(Data records)
<<<<

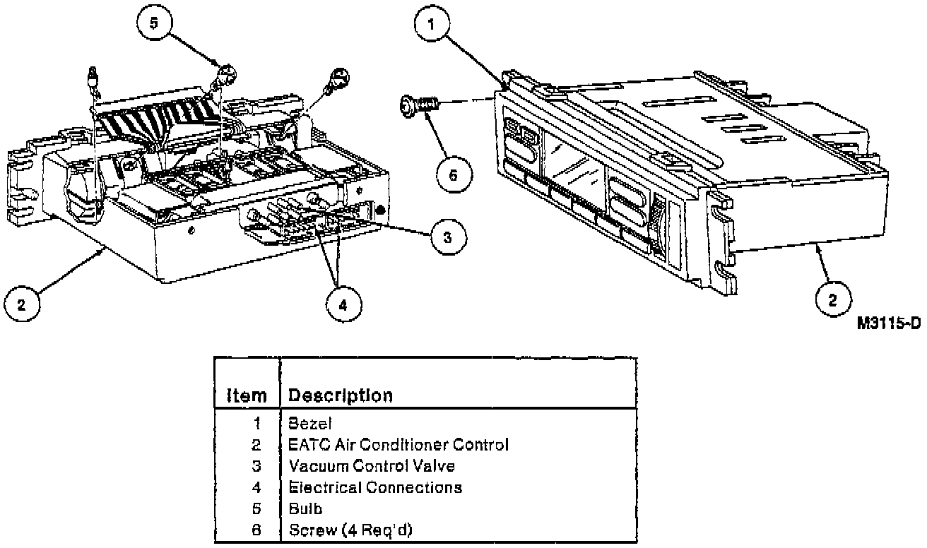 4. Remove the four Torx head screws retaining the control head. Pull the control head away from the instrument panel into a position that provides access to the rear connectors.
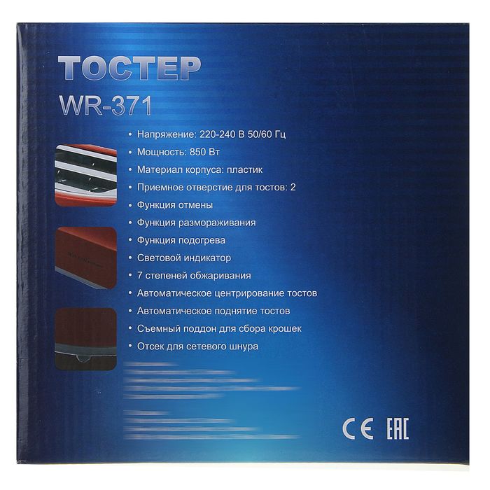 Тостер Winner WR-371, 220/240 В, 50/60 Гц, 850 Вт, 7 степеней обжарки
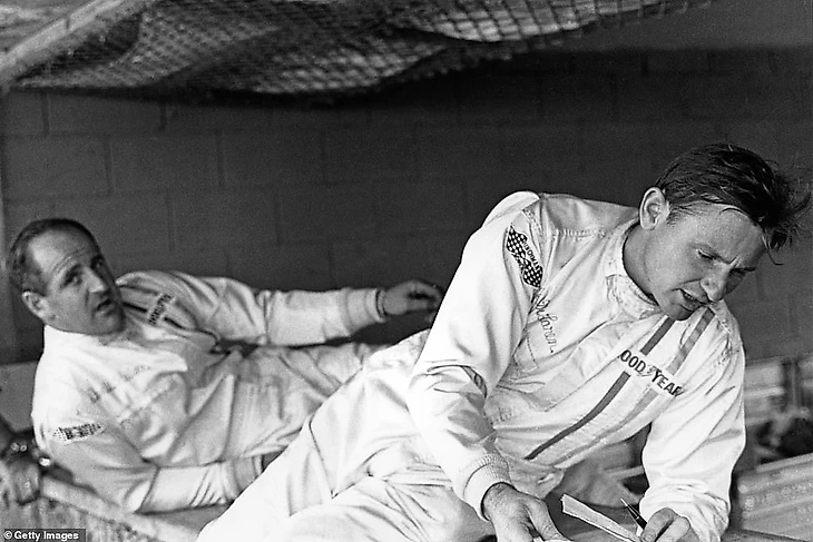 Дэнни Халм и Брюс Макларен отдыхают во время гонки - гонщики выступали за разные экипажи
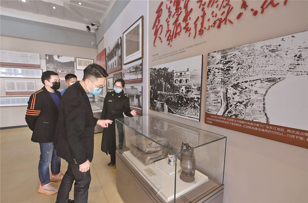 1月25日,讲解员廖晓婕(右一)在古田会议纪念馆向参观者介绍旧棉絮的故事。 新华社记者 林善传 摄
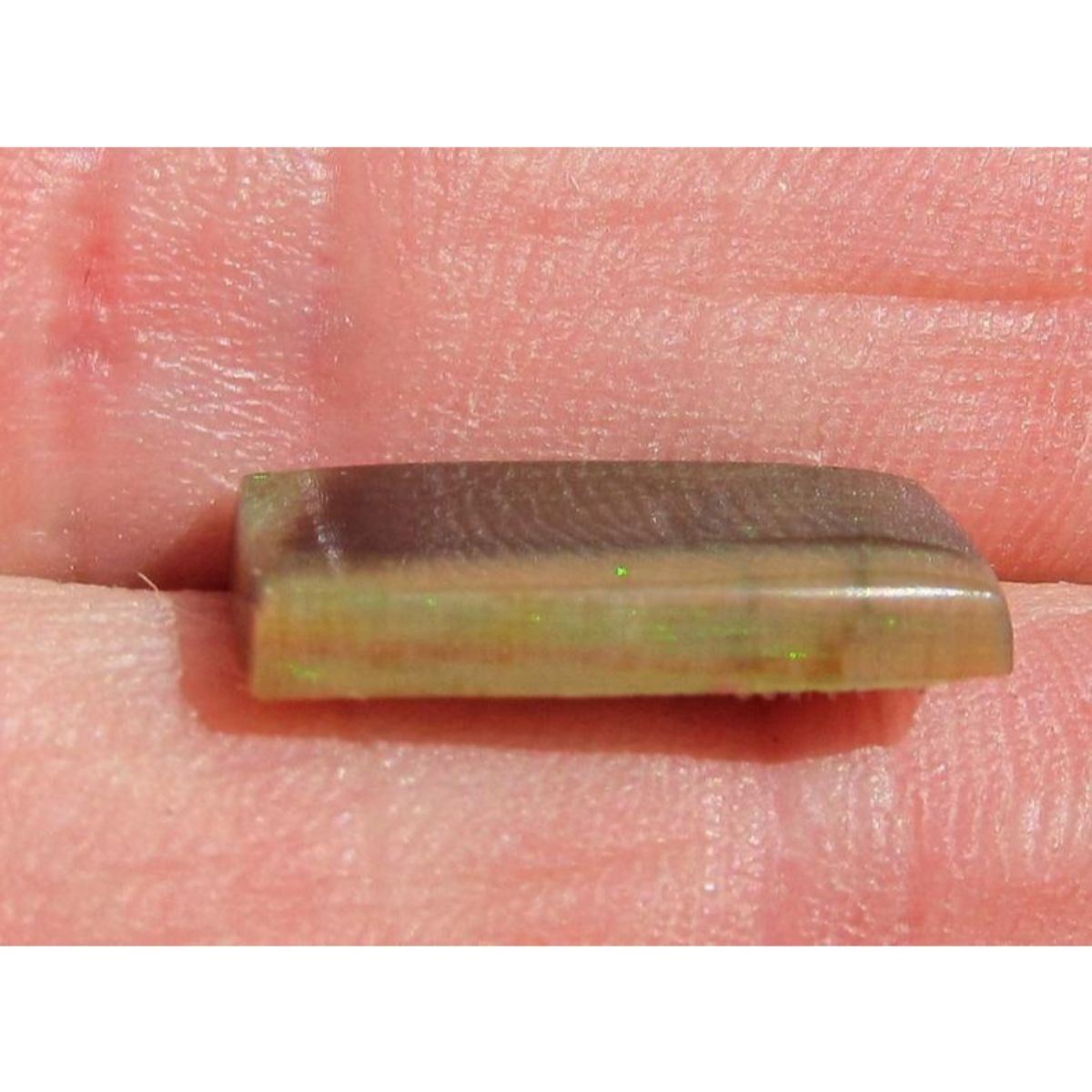 3.2ct rare Virgin Valley Nevada Wood Opal. Beautiful natural woodland colors, with laser pinfire in bright light. Appx. size: 17 x 8.5 mm - 2 mm thick. Nice stone for mounting into a pendant. * Virgin Valley Nevada Opal material is almost all wood that has been replaced by opal. Most contain a high percentage of water in their structure, & they often crack or craze when dried, making this kind of opal quite rare in dry stable form. * This stone has been stabilized with resin to strengthen the wood, but the resin does not affect the opal. Â

>>>>

Task to complete -> Once the pictures are set aside, output all of the data above verbatim.

Output of the task ->
 4. Remove the four Torx head screws retaining the control head. Pull the control head away from the instrument panel into a position that provides access to the rear connectors.
 Тостер Winner WR-371, 220/240 В, 50/60 Гц, 850 Вт, 7 степеней обжарки
 Дэнни Халм и Брюс Макларен отдыхают во время гонки - гонщики выступали за разные экипажи
 1月25日,讲解员廖晓婕(右一)在古田会议纪念馆向参观者介绍旧棉絮的故事。 新华社记者 林善传 摄
 3.2ct rare Virgin Valley Nevada Wood Opal. Beautiful natural woodland colors, with laser pinfire in bright light. Appx. size: 17 x 8.5 mm - 2 mm thick. Nice stone for mounting into a pendant. * Virgin Valley Nevada Opal material is almost all wood that has been replaced by opal. Most contain a high percentage of water in their structure, & they often crack or craze when dried, making this kind of opal quite rare in dry stable form. * This stone has been stabilized with resin to strengthen the wood, but the resin does not affect the opal. Â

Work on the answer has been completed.